Schneller, G., and Sphicas, G. (1983). “Decision making under uncertainty: Starr’s domain criterion.” Theory Decis., 15(4), 321–336.

Starr, M. K. (1962). Product design and decision theory, Prentice-Hall, Englewood Cliffs, NJ.

Radial convergence diagram (aka chord diagram) for sensitivity analysis results and other inter-relationships between data

TLDR; Python script for radial convergence plots that can be found here.

You might have encountered this type of graph before, they’re usually used to present relationships between different entities/parameters/factors and they typically look like this:

From https://datavizcatalogue.com/methods/non_ribbon_chord_diagram.html

In the context of our work, I have seen them used to present sensitivity analysis results, where we are interested in both the individual significance of a model parameter, but also the extent of its interaction with others. For example, in Butler et al. (2014) they were used to present First, Second, and Total order parameter sensitivities as produced by a Sobol’ Sensitivity Analysis.

From Butler et al. (2014)

I set out to write a Python script to replicate them. Calvin Whealton has written a similar script in R, and the same functionality also exists within Rhodium. I just wanted something with a bit more flexibility, so I wrote this script that produces two types of these graphs, one with straight lines and one with curved (which are prettier IMO). The script takes dictionary items as inputs, either directly from SALib and Rhodium (if you are using it to display Sobol results), or by importing them (to display anything else). You’ll need one package to get this to run: NetworkX. It facilitates the organization of the nodes in a circle and it’s generally a very stable and useful package to have.

Graph with straight lines
Graph with curved lines

I made these graphs to display results the results of a Sobol analysis I performed on the model parameters of a system I am studying (a, b, c, d, h, K, m, sigmax, and sigmay). The node size indicates the first order index (S1) per parameter, the node border thickness indicates the total order index (ST) per parameter, and the thickness of the line between two nodes indicates the secord order index (S2). The colors, thicknesses, and sizes can be easily changed to fit your needs. The script for these can be found here, and I will briefly discuss what it does below.

After loading the necessary packages (networkx, numpy, itertools, and matplotlib) and data, there is some setting parameters that can be adapted for the figure generation. First, we can define a significance value for the indices (here set to 0.01).

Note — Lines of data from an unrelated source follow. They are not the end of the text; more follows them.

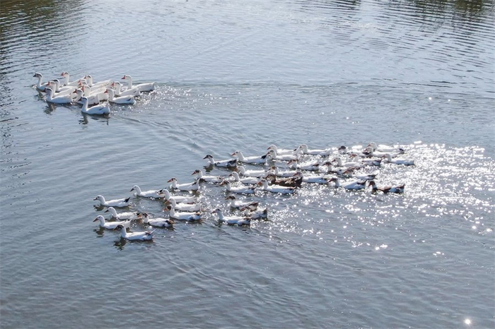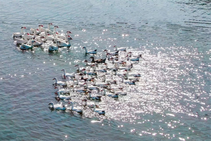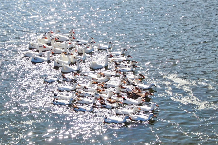 深秋时节,在河南省南阳市镇平县赵河湿地公园里,一群鹅鸭正在游弋戏水,宛若一幅花样游泳图。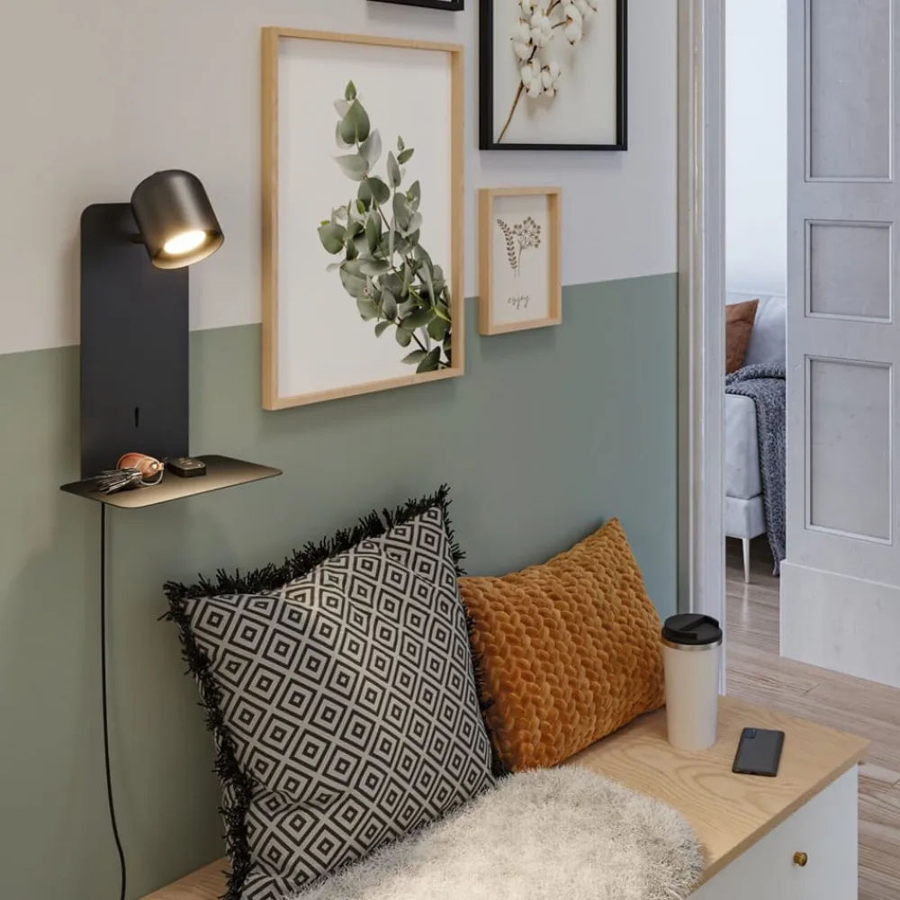 Paulmann Malena USB vægspot med hylde, sort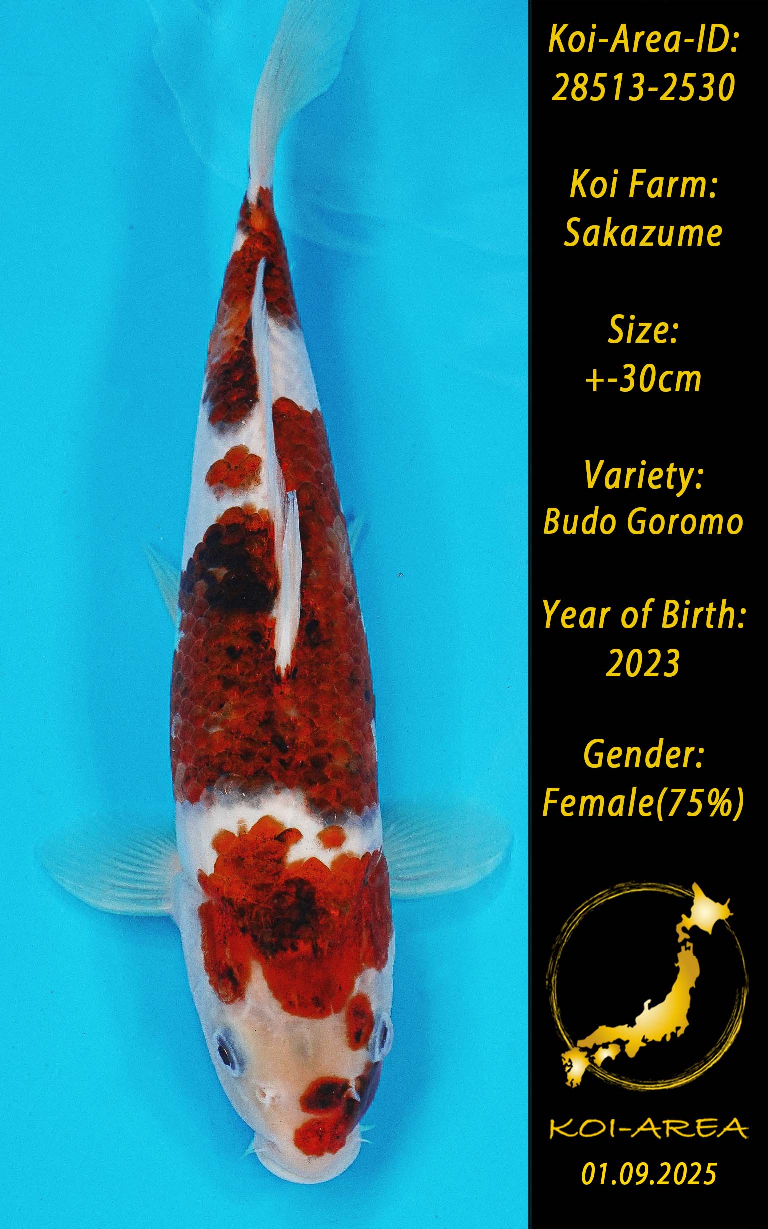 ⚠️ alle SummerSale Koi wurden Ende August bei uns im Hause fotografiert. Bitte beachten Sie, dass das Saisonende kurz bevor steht und Sie sich online einen der verfügbaren Abhol- oder Versandtermine buchen müssen. Alle Koi der Saison 24/25müssen bis zum Saisonende 30.09.2025 abgeholt worden sein. Sollten Sie online keinen passenden Termin finden müssen Sie sich innerhalb von 3 Tagen nach Rechnungsstellung mit einer Terminanfrage per E-Mail an info@koi-area.de bei uns melden. Vielen Dank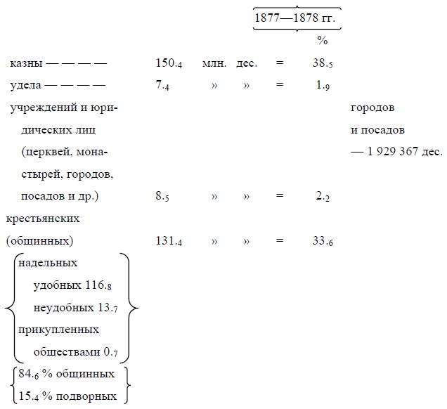 У казны из ее земель 69.3 % леса (100 млн. дес. в Архангельской, Вологодской, Олонецкой и Пермской губерниях). 28.1 % неудобной земли и 2.6 % удобные {менее 4 млн. дес.}

To keep all values just set it to 0. Then we have some stylistic variables that basically define the thicknesses and sizes for the lines and nodes. They can be changed to get the look of the graph to your liking.

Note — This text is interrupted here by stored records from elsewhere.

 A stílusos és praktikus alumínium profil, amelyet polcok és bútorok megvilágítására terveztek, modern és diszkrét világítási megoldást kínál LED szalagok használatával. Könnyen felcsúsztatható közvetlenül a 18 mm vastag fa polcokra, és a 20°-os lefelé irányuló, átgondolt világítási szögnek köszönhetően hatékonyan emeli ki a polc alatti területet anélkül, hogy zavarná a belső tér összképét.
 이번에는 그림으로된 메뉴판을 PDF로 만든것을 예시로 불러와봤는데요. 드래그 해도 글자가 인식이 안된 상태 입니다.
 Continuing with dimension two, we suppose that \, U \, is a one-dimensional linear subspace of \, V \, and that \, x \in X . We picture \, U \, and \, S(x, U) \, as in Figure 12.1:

# Set min index value, for the effects to be considered significant
index_significance_value = 0.01
node_size_min = 15 # Max and min node size
node_size_max = 30
border_size_min = 1 # Max and min node border thickness
border_size_max = 8
edge_width_min = 1 # Max and min edge thickness
edge_width_max = 10
edge_distance_min = 0.1 # Max and min distance of the edge from the center of the circle
edge_distance_max = 0.6 # Only applicable to the curved edges

The rest of the code should just do the work for you. It basically does the following:

  • Define basic variables and functions that help draw circles and curves, get angles and distances between points
  • Set up graph with all parameters as nodes and draw all second order (S2) indices as lines (edges in the network) connecting the nodes. For every S2 index, we need a Source parameter, a Target parameter, and the Weight of the line, given by the S2 index itself. If you’re using this script for other data, different information can fit into the line thickness, or they could all be the same.
  • Draw nodes and lines in a circular shape and adjust node sizes, borders, and line thicknesses to show the relative importance/weight. Also, annotate text labels on each node and adjust their location accordingly. This produces the graph with the straight lines.
  • For the graph with the curved lines, define function that will generate the x and y coordinates for them, and then plot using matplotlib.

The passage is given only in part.